■ Data entries
--------

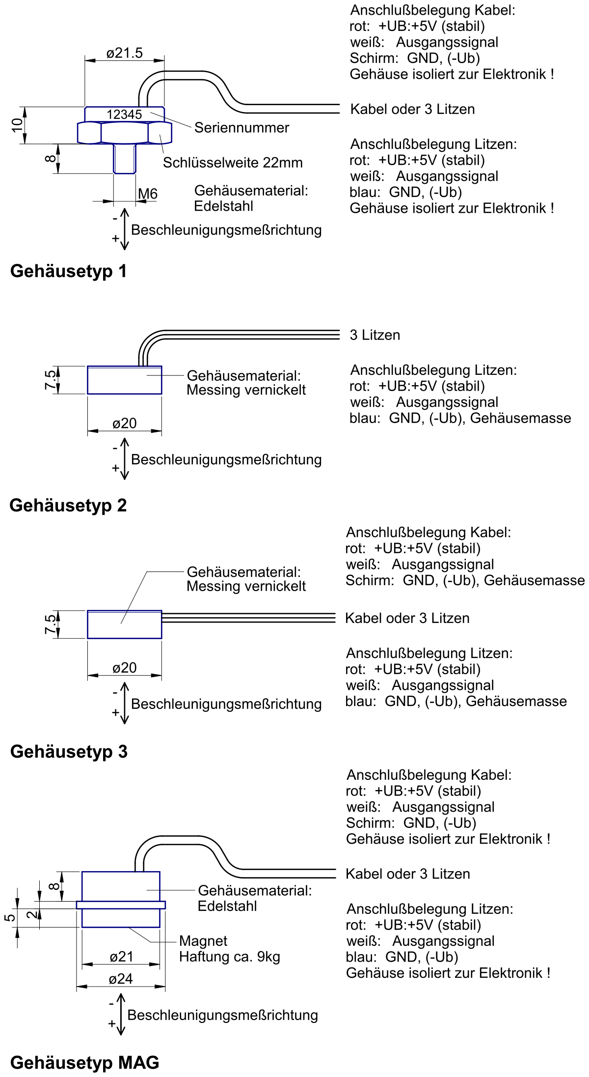 | Empfindlichkeit bei Ub = 5 Volt | ca. 150mV/g | ca. 60mV/g | ca. 15mV/g |
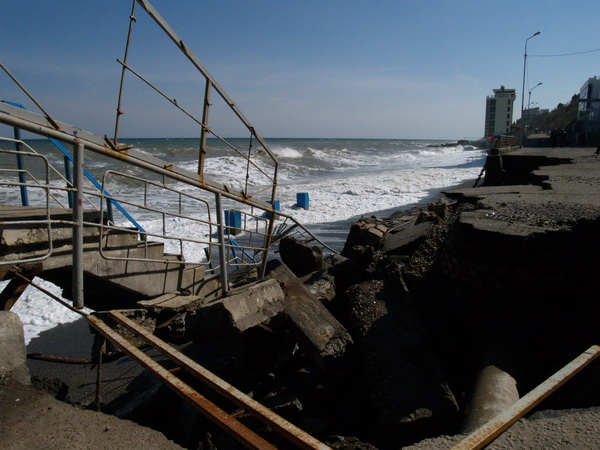 В Алуште в районе Профессорского уголка в результате сильного шторма произошло разрушение берегоукрепительной стены и части дорожного полотна. Об этом сообщила пресс-служба Главного управления ГСЧС в АРК.
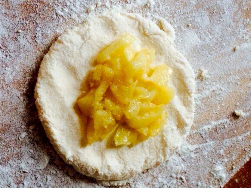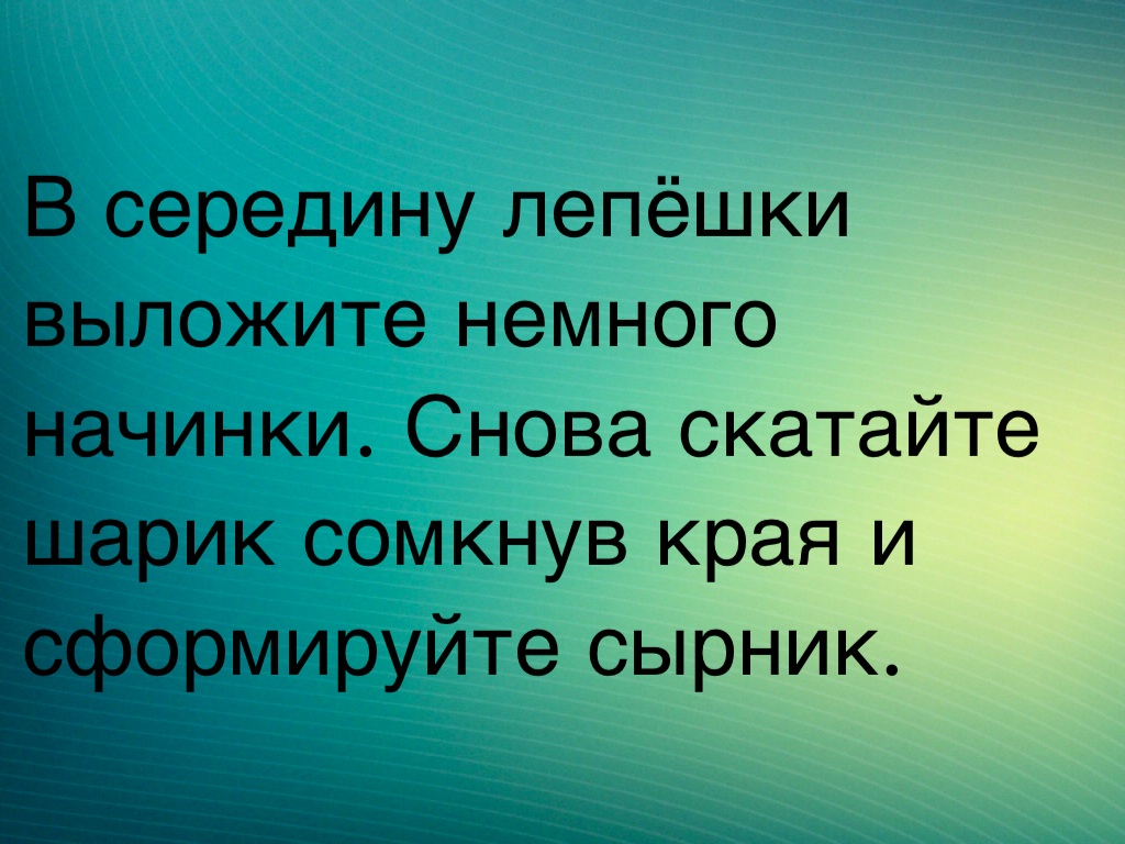 В середину лепёшки выложите немного начинки. Снова скатайте шарик сомкнув края и сформируйте сырник.
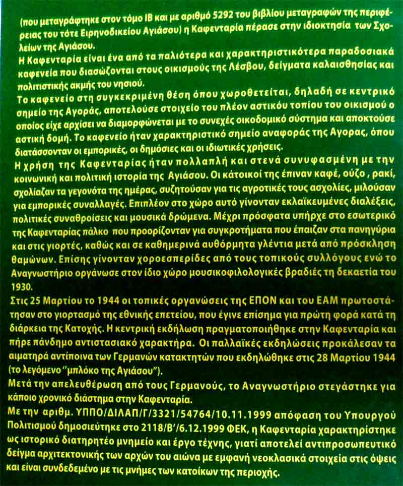 Το ιστορικό καφενείο "ΚΑΦΕΝΤΑΡΙΑ" ,που ευρίσκεται στο κέντρο της πλατείας της Αγιάσου
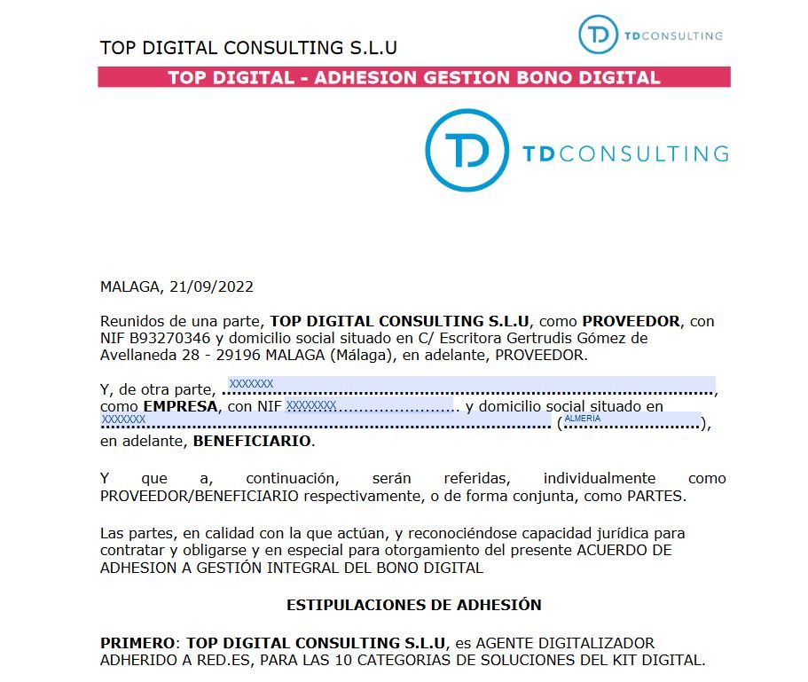Contrato mediante el cual te comprometes a invertir el Kit Digital con Caja Rural del Sur y su Agente Digitalizador*
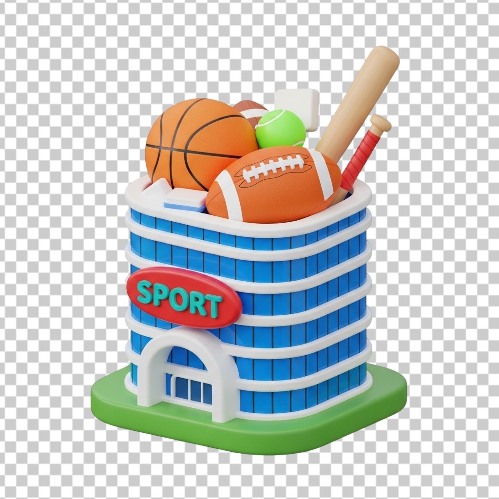 3D Modern Sports Complex Building with Equipment on Roof PNG Transparent Background
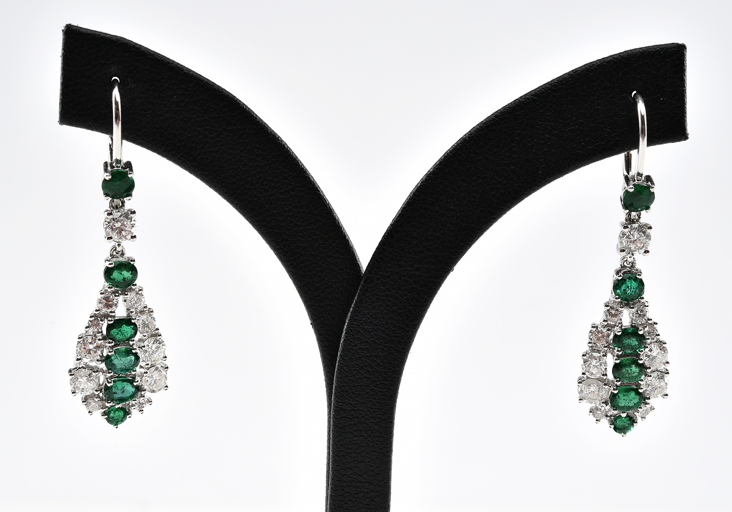 A PAIR OF EMERALD AND DIAMOND DROP EARRINGS IN 18CT WHITE GOLD TO CONTINENTAL HOOK FITTINGS, APPROXIMATE TOTAL DIAMOND WEIGHT 2.18CTS, APPROXIMATE TOTAL DIAMOND WEIGHT 2.35CTS.

--------

Nothing but the lines from the start of the records above through the line with "3D Modern Sports" should be retyped, each exactly as written; leave out all pictures.

■ PROBLEM SOLUTION
 | Empfindlichkeit bei Ub = 5 Volt | ca. 150mV/g | ca. 60mV/g | ca. 15mV/g |
 В Алуште в районе Профессорского уголка в результате сильного шторма произошло разрушение берегоукрепительной стены и части дорожного полотна. Об этом сообщила пресс-служба Главного управления ГСЧС в АРК.
 В середину лепёшки выложите немного начинки. Снова скатайте шарик сомкнув края и сформируйте сырник.
 Το ιστορικό καφενείο "ΚΑΦΕΝΤΑΡΙΑ" ,που ευρίσκεται στο κέντρο της πλατείας της Αγιάσου
Contrato mediante el cual te comprometes a invertir el Kit Digital con Caja Rural del Sur y su Agente Digitalizador*
 3D Modern Sports Complex Building with Equipment on Roof PNG Transparent Background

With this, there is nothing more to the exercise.